Later in the book, however, the author shifts to a first-person point of view, written from the voice of the youngest son. This boy, in the last few vignettes, undergoes a dramatic alter that actually turns the whole novel upside down. Now rather of a garden variety, coming-of-age-in-a-violent family, we have another type of coming of age tale which, I guess, would be a spoiler to reveal. Suffice it to say that Torres waited too late into the book to spring it on us and must have written possibly 50 further and added pages permitting for a more logical transition. As it is, it seems out of the blue, dumped on the reader, and the conduct of the family seems even more bizarre than it is admittedly low standards would lead us to expect. Meaning? I didn’t buy it. It was too much and too abrupt, jolting me out of the narrative dream as expeditiously as a pothole.

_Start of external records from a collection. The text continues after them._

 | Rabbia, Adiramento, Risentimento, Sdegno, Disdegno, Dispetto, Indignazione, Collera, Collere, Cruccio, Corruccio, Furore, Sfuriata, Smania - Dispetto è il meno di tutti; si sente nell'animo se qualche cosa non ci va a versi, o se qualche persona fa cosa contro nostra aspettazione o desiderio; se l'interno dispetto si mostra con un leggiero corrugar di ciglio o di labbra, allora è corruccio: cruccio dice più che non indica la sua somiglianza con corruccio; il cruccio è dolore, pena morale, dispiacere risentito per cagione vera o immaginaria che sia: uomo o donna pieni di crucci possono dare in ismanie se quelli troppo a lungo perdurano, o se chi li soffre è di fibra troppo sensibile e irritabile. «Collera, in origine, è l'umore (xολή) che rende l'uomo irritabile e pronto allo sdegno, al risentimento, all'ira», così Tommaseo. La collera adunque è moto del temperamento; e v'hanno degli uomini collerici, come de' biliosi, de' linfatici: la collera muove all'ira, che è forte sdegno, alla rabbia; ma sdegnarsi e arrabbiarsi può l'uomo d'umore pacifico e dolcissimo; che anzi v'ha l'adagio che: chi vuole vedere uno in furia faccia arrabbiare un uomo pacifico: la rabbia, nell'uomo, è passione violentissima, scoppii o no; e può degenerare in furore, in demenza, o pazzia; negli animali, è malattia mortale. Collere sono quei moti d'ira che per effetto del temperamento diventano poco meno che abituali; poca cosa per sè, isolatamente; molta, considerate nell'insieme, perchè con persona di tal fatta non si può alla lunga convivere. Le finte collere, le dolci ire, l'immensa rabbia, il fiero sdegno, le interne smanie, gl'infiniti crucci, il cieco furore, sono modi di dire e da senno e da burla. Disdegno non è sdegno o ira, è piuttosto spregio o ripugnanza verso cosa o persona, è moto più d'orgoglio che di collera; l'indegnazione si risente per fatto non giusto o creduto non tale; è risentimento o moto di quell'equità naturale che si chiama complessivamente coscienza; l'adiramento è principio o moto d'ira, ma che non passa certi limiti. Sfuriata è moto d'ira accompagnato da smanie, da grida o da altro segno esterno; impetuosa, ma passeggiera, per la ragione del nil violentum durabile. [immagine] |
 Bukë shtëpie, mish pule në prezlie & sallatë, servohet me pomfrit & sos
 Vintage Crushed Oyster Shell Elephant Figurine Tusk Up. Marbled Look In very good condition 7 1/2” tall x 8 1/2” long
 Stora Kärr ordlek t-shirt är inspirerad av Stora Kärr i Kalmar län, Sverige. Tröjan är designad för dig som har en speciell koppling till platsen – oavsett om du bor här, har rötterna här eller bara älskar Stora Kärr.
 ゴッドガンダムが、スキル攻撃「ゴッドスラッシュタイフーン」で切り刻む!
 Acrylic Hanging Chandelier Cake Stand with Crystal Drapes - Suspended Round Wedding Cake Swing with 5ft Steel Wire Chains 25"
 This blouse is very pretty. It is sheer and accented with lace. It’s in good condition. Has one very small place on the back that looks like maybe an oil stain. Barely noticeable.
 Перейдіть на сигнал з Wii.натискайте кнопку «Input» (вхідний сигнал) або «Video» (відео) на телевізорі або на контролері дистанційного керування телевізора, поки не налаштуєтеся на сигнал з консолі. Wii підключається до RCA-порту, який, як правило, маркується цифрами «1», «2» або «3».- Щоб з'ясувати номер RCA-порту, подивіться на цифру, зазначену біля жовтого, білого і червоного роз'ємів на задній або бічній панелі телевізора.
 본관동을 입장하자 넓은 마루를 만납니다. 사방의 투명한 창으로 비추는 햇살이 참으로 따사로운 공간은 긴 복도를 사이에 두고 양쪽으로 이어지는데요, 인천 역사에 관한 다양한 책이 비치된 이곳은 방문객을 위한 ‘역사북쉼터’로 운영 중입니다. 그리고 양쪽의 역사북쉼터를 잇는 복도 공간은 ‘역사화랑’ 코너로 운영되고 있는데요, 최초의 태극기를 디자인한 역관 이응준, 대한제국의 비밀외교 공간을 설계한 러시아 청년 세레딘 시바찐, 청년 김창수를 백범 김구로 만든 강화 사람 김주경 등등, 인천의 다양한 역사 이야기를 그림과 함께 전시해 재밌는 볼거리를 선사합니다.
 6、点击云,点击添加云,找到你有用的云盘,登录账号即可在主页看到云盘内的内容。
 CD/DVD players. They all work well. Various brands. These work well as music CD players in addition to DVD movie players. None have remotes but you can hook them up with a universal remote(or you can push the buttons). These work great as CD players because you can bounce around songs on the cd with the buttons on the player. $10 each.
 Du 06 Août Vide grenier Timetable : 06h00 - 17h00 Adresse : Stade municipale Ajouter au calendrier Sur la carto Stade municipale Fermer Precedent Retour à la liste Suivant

That said, you may emphasize the book’s attempts along the way and get enjoyment from it for those moments where the narration sings. Torres is adept at anaphora (repeated beginnings of sentences) and cascading participial phrases, making his well-punctuated sentences dance in originative ways at times (much like Paps who, in one vignette, tries to instruct the boys how to mambo like a real Puerto Rican). All in all, a mixed bag and, in the end, a missed opportunity. Still, one could do worse than to have Sandra Cisneros as a role model. In this case, the student shows that work remains to be done — in future books.